First let me say that I am not sure if I should be posting this here as it is a watch forum and not a clock forum.

This arrived from the bay today;










Its an aircraft clock from some sort of Russian transport plain. Its a great bit of kit, works very well, I think its from the 60/70's. The clock is wound by turning the bezel.

These are on sale at a fairly cheap price and must have cost the aircraft manufacturer a fortune when new. This one is fairly simple with a clean dial which is not too fussy.
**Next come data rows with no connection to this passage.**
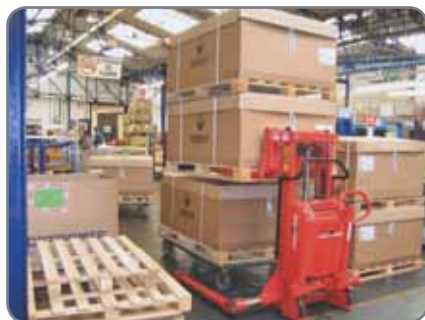
Sa construction puissante lui assure une longue durée de vie et de faibles coûts de maintenance.
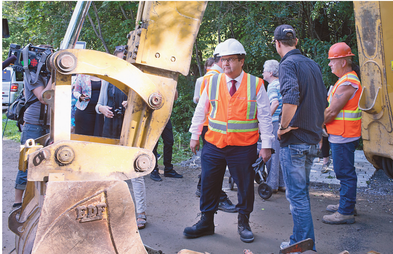
Le maire de Montréal Denis Coderre avec casque, lunettes et bottes de sécurité.

« Le message qu'on envoie aujourd'hui, c'est que Postes Canada
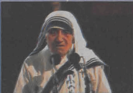
Matka Teresa z Kalkuty - Indyjska święta - film dokumentalny prod. włoskiej - emisja wtorek 8.06.2004 r. TVP1, godz. 13:10

19:00 Wieczorynka 19:30 Wiadomości 19:53 Sport 19:59 Pogoda 20:10 Uśmiech dnia: Wiosna panie sierżancie - komedia prod. polskiej 22:00 Wybory do Parlamentu Europejskiego 23:00 Monitor Wiadomości 23:15 Plus minus 23:40 Ostatnie lato - dramat prod. angielsko-amerykańskiej, reż. Philip Haas wyk. Kristin Scott Thomas, Sean Penn, Anne Bancroft
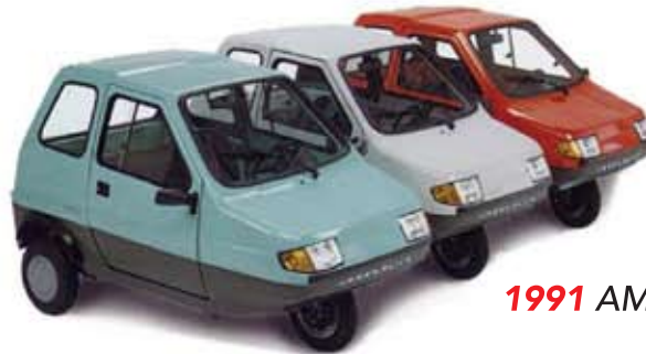
1991 AMICA mopoautot
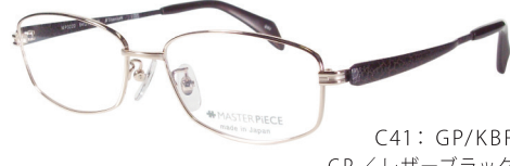
C41: GP/KBR GP/レザーブラック
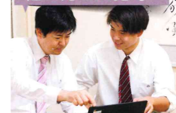
進路チューター制
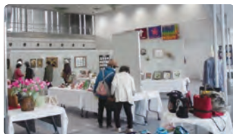
すこやか文化祭作品展
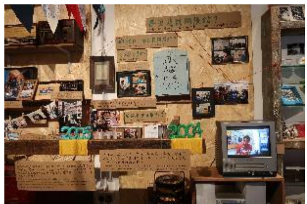
藍屋本身即是一次策展及公民參與行動。
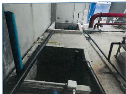
อาคารปรับปรุงคุณภาพน้ำ
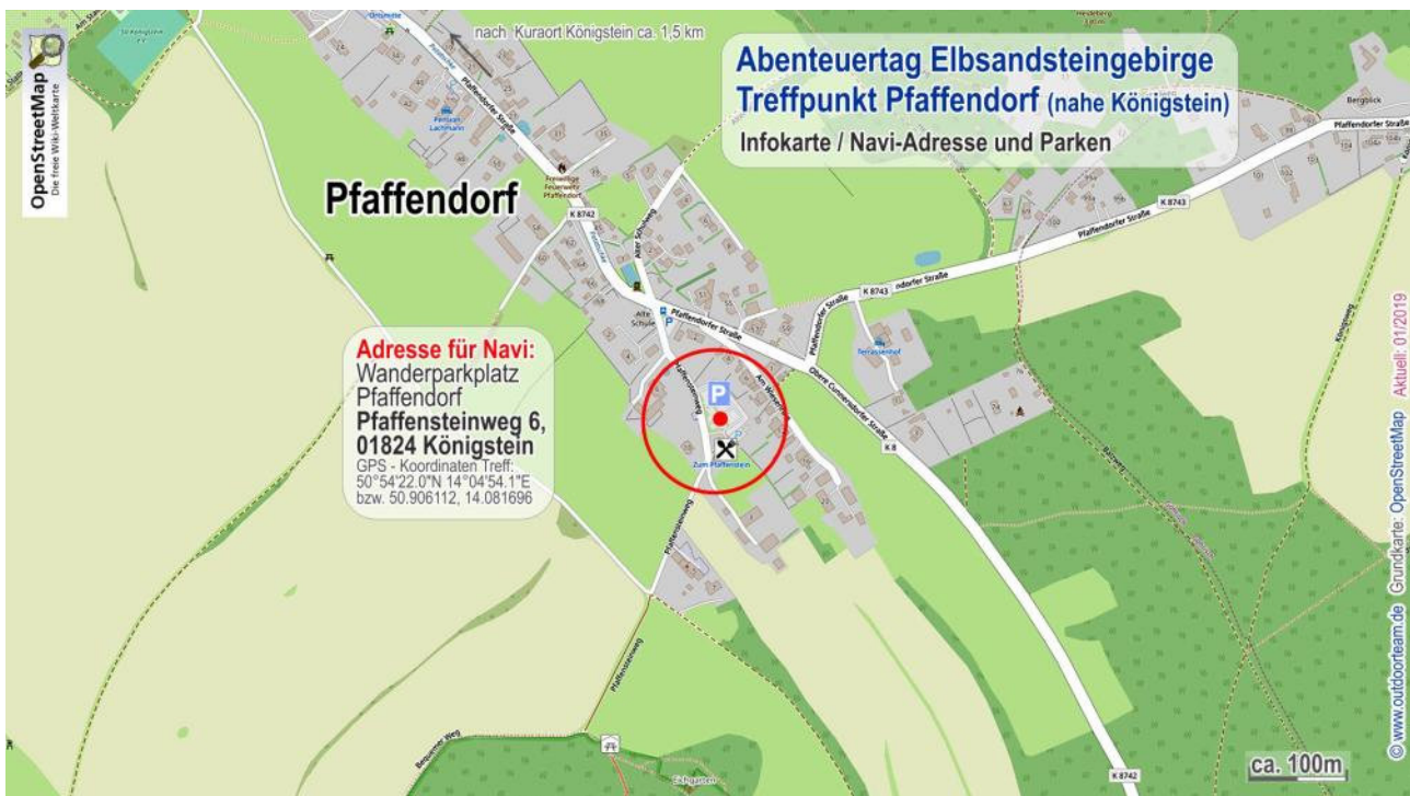
Bild oben: Karte vom Treffpunkt im Ort Pfaffenndorf auf dem Wanderparkplatz

Nur wenig Zeitlimit - und viel erleben? Sie suchen einen anspruchsvollen "Event" mit viel Action und Abwechslung - und wollen dazu noch eine der schönsten Regionen des Elbsandsteingebirges "hautnah" erleben? Trekkingtour, Höhlenerkundung, Geocaching und Bogenschießen - und unvergessliche Ausblicke auf die einmalige Felsenwelt hält dieses Angebot bereit.
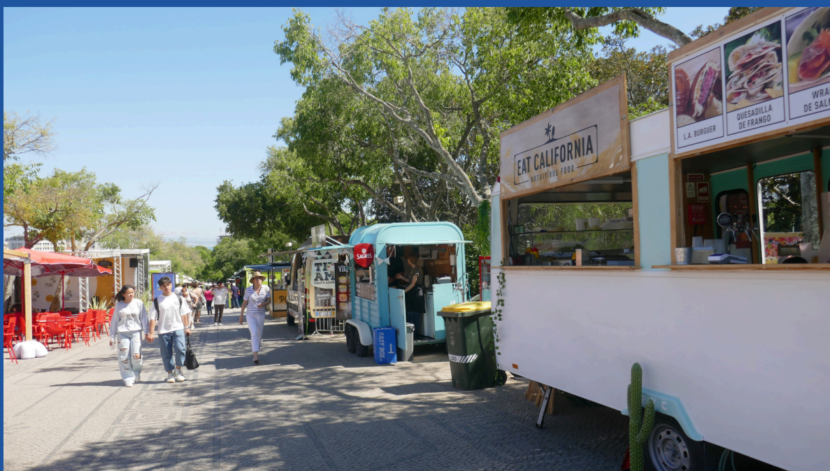
Zona de restauração.
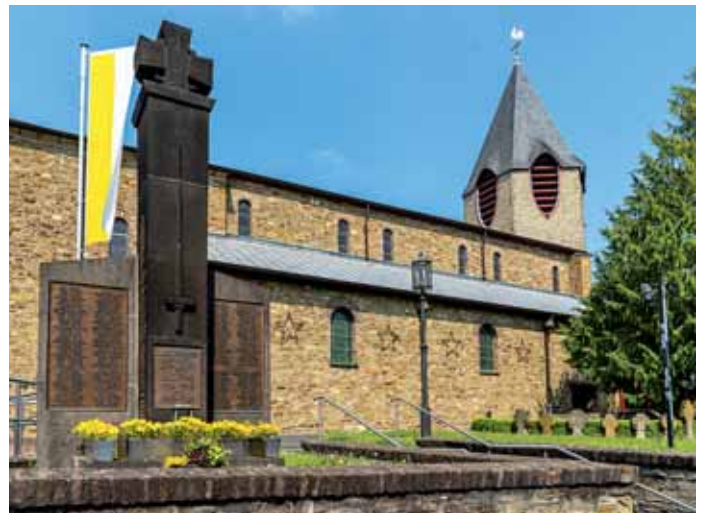
Die Geistinger Pfarrkirche Sankt Michael
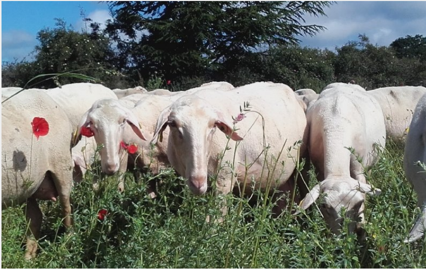
(Randonnée à dromadaires - Ferme de la Blaquière (groupes))
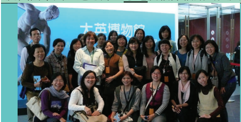
社會科及國文科參觀「大英博物館珍藏展」
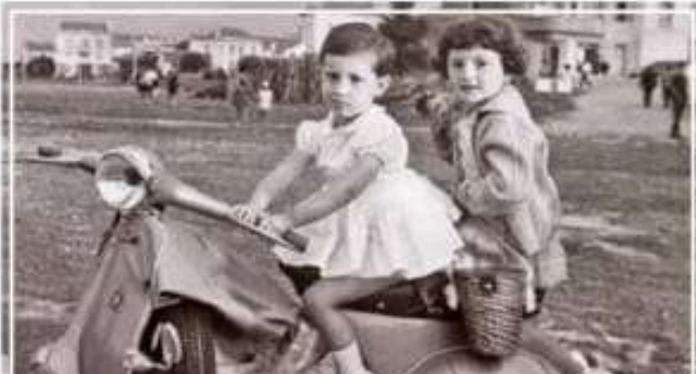
Dúas nenas diante de Calzados Tomás, nas festas de 1960
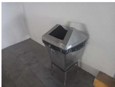
ถังขยะบริเวณพื้นที่ส่วนกลาง
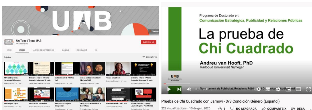
Figura 2E6. Canal Youtube del programa de doctorat: un tast d'stats

Finalment, la UAB ofereix seminaris transversal de caràcter optatiu, dels que els alumnes s'informen a través de Sigma. En ser una oferta genèrica les places es cobreixen força ràpidament.
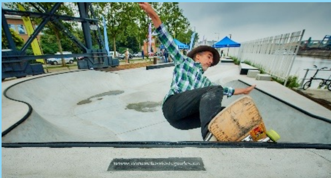
@Port de Bruxelles
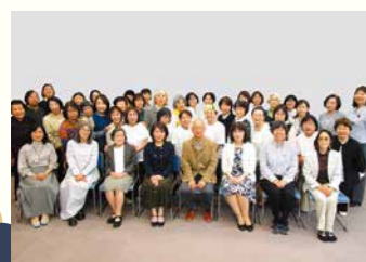
文化振興 こども図書室ボランティア (コドモトシヨシツボランティア)

この度は、榮譽ある賞をいただき誠に光栄に存じます。多くの方々に支えられて舞踊を続けることができました。これも皆様のおかげと感謝の気持ちでいっぱいです。今後もこれを新たな出発として精進してまいります。
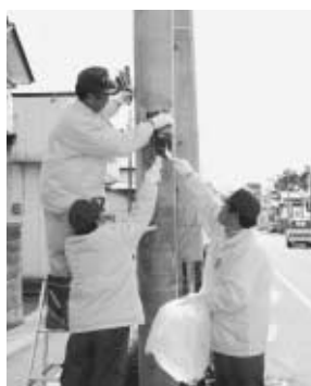
ピンクチラシ撤去作業の様子

増えることは、引いては町の治安を悪化させ、重大な犯罪の引き金にもなりかねません。「どんな小さなことでも犯罪は許さない」という強い意識を地域ぐるみで形成し、安全安心な鏡石町を作りましょう。
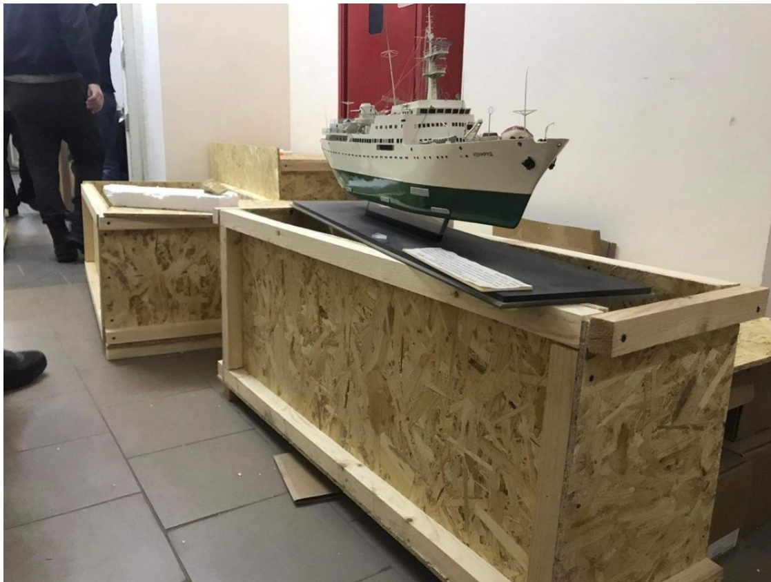
В критичний момент приватникам довелося взяти на себе порятунок історичних цінностей

від самого музею, аби подати запит... Тобто утворилося замкнуте коло.
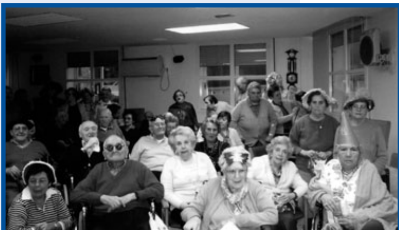
N.L. Elgoibar (20.02.07).- Carnavales en San Lázaro. Los residentes siguen con manifiesto interés las incidencias de la tómbola
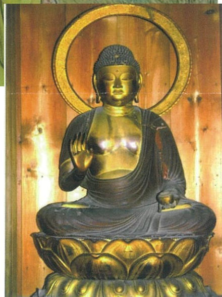
長福寺薬師如来像 (県重文)
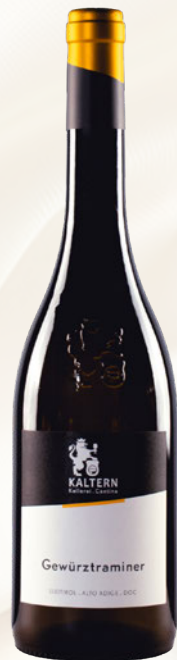
Campaner Gewürztraminer Alto Adige DOC
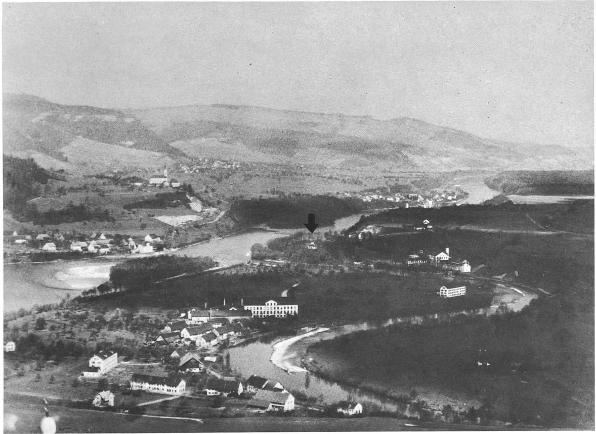
Blick vom Gebenstorfer Horn auf die Einmündung der Limmat in die Aare. Der Pfeil verweist auf Haggenschmids Villa auf der Limmatau. (Reproduktion einer Foto der aargauischen Denkmalpflege, abgedruckt im Fotoband «Der Aargau einst» von Theo Elsasser.)
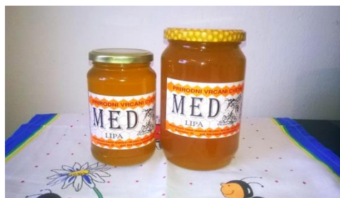
Slika 3. Lipov i šumski med.
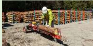
上左:キャベツ 上中:洋らん 上右:うずら卵 下:間伐材の薪への加工(新城市)
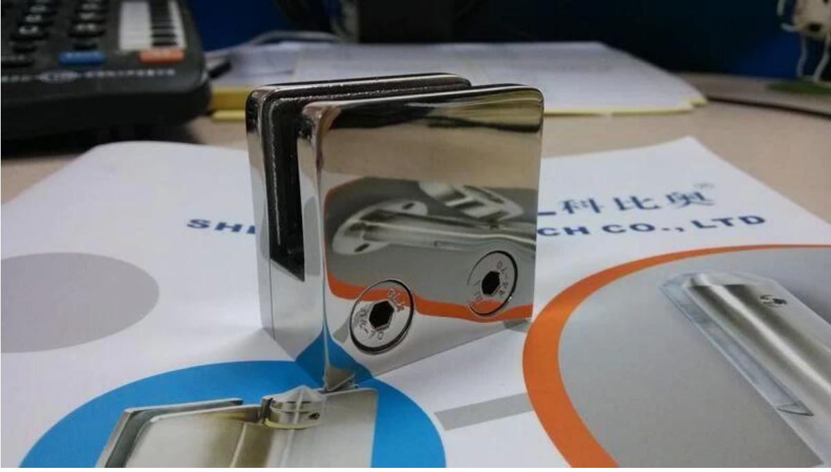
مشروع مثبتة على الفولاذ المقاوم للصدأ حديدي آخر
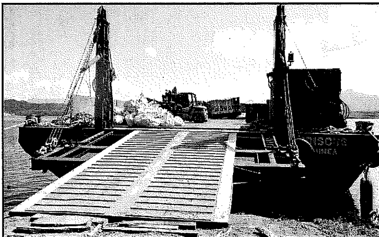
La barge Hibiscus au port autonome de Nouméa, en cours de déchargement.
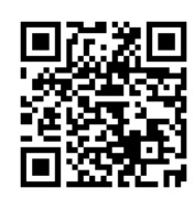
รายละเอียดเพิ่มเติม

กองการต่างประเทศ กลุ่มขับเคลื่อนทุนมนุษยนานาชาติ โทรศัพท์ ๐ ๒๖๑๐ ๕๔๖๔ (สุภาพ) ไปรษณีย์อิเล็กทรอนิกส์ supanee.j@mhesi.go.th
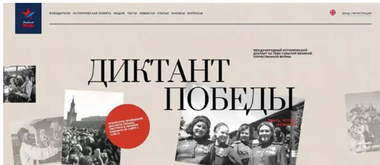
Página oficial de «Diktant Pobedy» (Ensayo de la Victoria)

En algunos casos, los grupos de música rusos han tenido que sufrir la cancelación de conciertos tras declaraciones o acciones consideradas críticas con la guerra. El popular grupo de rock Mashina Vremeni (Máquina del Tiempo) y su cantante Andrei Makarevich tienen el honor de haber visto cancelados sus conciertos tanto por el antiguo régimen soviético como por el actual de Putin. Otra venerable banda rusa, B-2, sufrió la cancelación de un concierto en San Petersburgo el 17 de junio. La razón fue que se habían negado a actuar delante de una pancarta a favor de la guerra en Omsk, Siberia, en abril. Otro grupo muy popular, DDT, y su cantante Yuri Shevchuk se manifestaron en contra de la invasión y sus conciertos en Moscú fueron cancelados 41 .
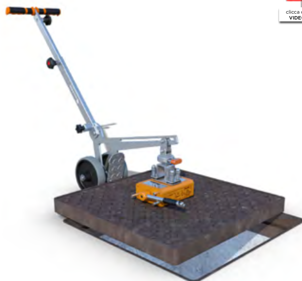
Carrello Simplex Magnetic
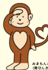
みまもんきー(機守もんきー)

実施日:第2・3・4火曜日(祝日、年末年始を除く) 時間:午後1時～4時 場所:保健所内 ※事前予約が必要です。
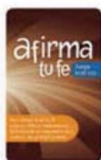
Afirma tu fe JB cartas [5691]
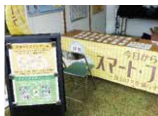
ゲームを通じた認定製品のPR
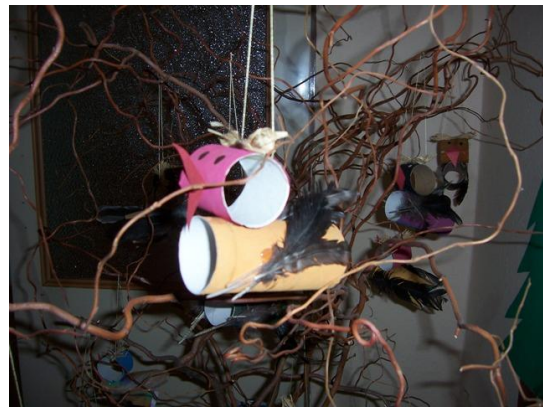
(výstava ptáčků – dekorace MŠ)

It should sit nicely on my desk.


----------



## jasonm (Nov 22, 2003)

Very cool! B)


----------



## Silver Hawk (Dec 2, 2003)

andyft21 said:


> First let me say that I am not sure if I should be posting this here as it is a watch forum and not a clock forum.


We love clocks as well....post away!



jasonm said:


> Very cool! B)


Man of few words tonight oh Grasshopper


----------



## jasonm (Nov 22, 2003)

Yep..... :sadwalk:


----------



## Silver Hawk (Dec 2, 2003)

jasonm said:


> Yep..... :sadwalk:


----------



## mach 0.0013137 (Jan 10, 2005)

Silver Hawk said:


> jasonm said:
> 
> 
> > Yep..... :sadwalk:


Makes a change from the usual *Feck! Gurls!! **Drink!!!* :lol:

As to the clock, very nice I might have to look out for something similar sometime :yes:


----------



## roo7 (Jul 13, 2009)

Hi, I was hooked on the clocks too and went on a buying spree, I guess my collection is complete for now.

Group shot of my Russian clocks










Lume shot


----------



## Smiffy89 (Sep 2, 2009)

Where did you get that from mate? I want one now .


----------



## roo7 (Jul 13, 2009)

Smiffy89 said:


> Where did you get that from mate? I want one now .


They are all over eBay, however their "Buy It Now" prices varies a lot from seller to seller. Hunt for the best bargain 

I bought the 24-Hour 55M from http://www.maurnavy.com/

The 55M stands out the most


----------



## andyft21 (Feb 12, 2009)

roo7 said:


> Hi, I was hooked on the clocks too and went on a buying spree, I guess my collection is complete for now.
> 
> Group shot of my Russian clocks
> 
> ...


Nice collection of clocks, I was impressed with mine and the fairly cheap price, that I have ordered another, a bit different in style (similar to the one you have second from the end). I will have one on my desk at home and one at work, well thats the plan.


----------